From the Guidelines
It is not recommended to give intramuscular (IM) diphenhydramine (DPH) with IM chlorpheniramine if the last dose of Benadryl (diphenhydramine) 25mg was at 5pm. These medications are both antihistamines that work through similar mechanisms, and administering them together increases the risk of additive side effects such as excessive sedation, confusion, urinary retention, dry mouth, and blurred vision. The typical duration of action for diphenhydramine is 4-6 hours, so if the last dose was at 5pm, the medication may still be active in the system 1. Some key points to consider when administering antihistamines include:
- First-generation antihistamines, such as diphenhydramine, have significant potential to cause sedation, performance impairment, and anticholinergic effects 1
- The use of first-generation antihistamines should be approached with caution, especially in older adults, due to increased sensitivity to psychomotor impairment and adverse anticholinergic effects 1
- Antihistamines are often used as adjunctive therapy for cutaneous signs and symptoms associated with anaphylaxis, but should not be administered before, or in place of, epinephrine 1 If additional antihistamine therapy is needed, it would be safer to either wait until the diphenhydramine has cleared (approximately 6 hours after the last dose) before administering chlorpheniramine, or continue with diphenhydramine alone at appropriate intervals. If the allergic reaction is severe or not responding adequately to the initial treatment, seeking immediate medical attention would be more appropriate than combining antihistamines. Key considerations for treatment of anaphylaxis include:
- Epinephrine is the first-line treatment of anaphylaxis due to its faster onset of action and more appropriate pharmacologic action compared with antihistamines 1
- Glucocorticoids have a limited role in the acute management of anaphylaxis due to their slow onset of action and inability to reverse acute symptoms 1
From the FDA Drug Label
DOSAGE AND ADMINISTRATION THIS PRODUCT IS FOR INTRAVENOUS OR INTRAMUSCULAR ADMINISTRATION ONLY. DOSAGE SHOULD BE INDIVIDUALIZED ACCORDING TO THE NEEDS AND THE RESPONSE OF THE PATIENT. Maximum daily dosage is 300 mg for Pediatric Patients and 400 mg for Adults.

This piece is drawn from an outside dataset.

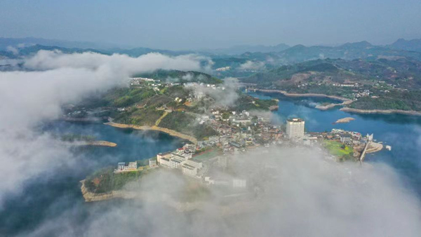 難忘流水的“魚”水情。好山好水好風(fēng)光,清晨的流水鎮(zhèn),寒江泛起如煙似幻的薄霧,繚繞于群山,仿若萬丈白龍酣眠,觸及此景,除了詩興,便是“魚”水情。唐朝李群玉曾有詩曰:七尺青竿一丈絲,菰蒲葉里逐風(fēng)吹。流水鎮(zhèn)作為天然的釣魚場,每到7月初禁漁期結(jié)束,各地游客紛至沓來,或站立山腳或蹲坐橋邊或泛輕舟,極盡魚趣,一掃心中煩悶。作為不懂“魚”事的我,也忍不住舉手拋香餌,盡管十釣九空,遺憾之余,更多的是淺嘗輒止后的意猶未盡。

The FDA drug label does not answer the question.
From the Research
Administration of IM Diphenhydramine with IM Chlorpheniramine
- The administration of Intramuscular (IM) Diphenhydramine (DPH) with IM Chlorpheniramine is a consideration that requires careful evaluation of potential interactions and the timing of previous doses of similar medications, such as Benadryl (Diphenhydramine) 2, 3, 4, 5.
- Given that the last dose of Benadryl (Diphenhydramine) 25mg was at 5pm, it is essential to consider the pharmacokinetics and pharmacodynamics of Diphenhydramine and Chlorpheniramine to assess the safety of co-administration.
Pharmacological Considerations
- Diphenhydramine and Chlorpheniramine are both antihistamines that can cause sedation and impairment, especially at or above recommended doses 2.
- The combination of these medications could potentially increase the risk of adverse effects such as sedation, dry mouth, and urinary retention.
- There is evidence that Diphenhydramine and Chlorpheniramine can inhibit the cytochrome P450 2D6 enzyme, which may lead to interactions with other medications that are metabolized by this enzyme 4.
Clinical Applications and Safety
- Chlorpheniramine has been used for various clinical applications, including the treatment of allergic conditions, asthma, and depression, with a relatively safe profile when used appropriately 5.
- However, the safety of co-administering IM Diphenhydramine with IM Chlorpheniramine, especially in relation to the timing of the last dose of Benadryl, needs to be carefully evaluated to minimize potential risks.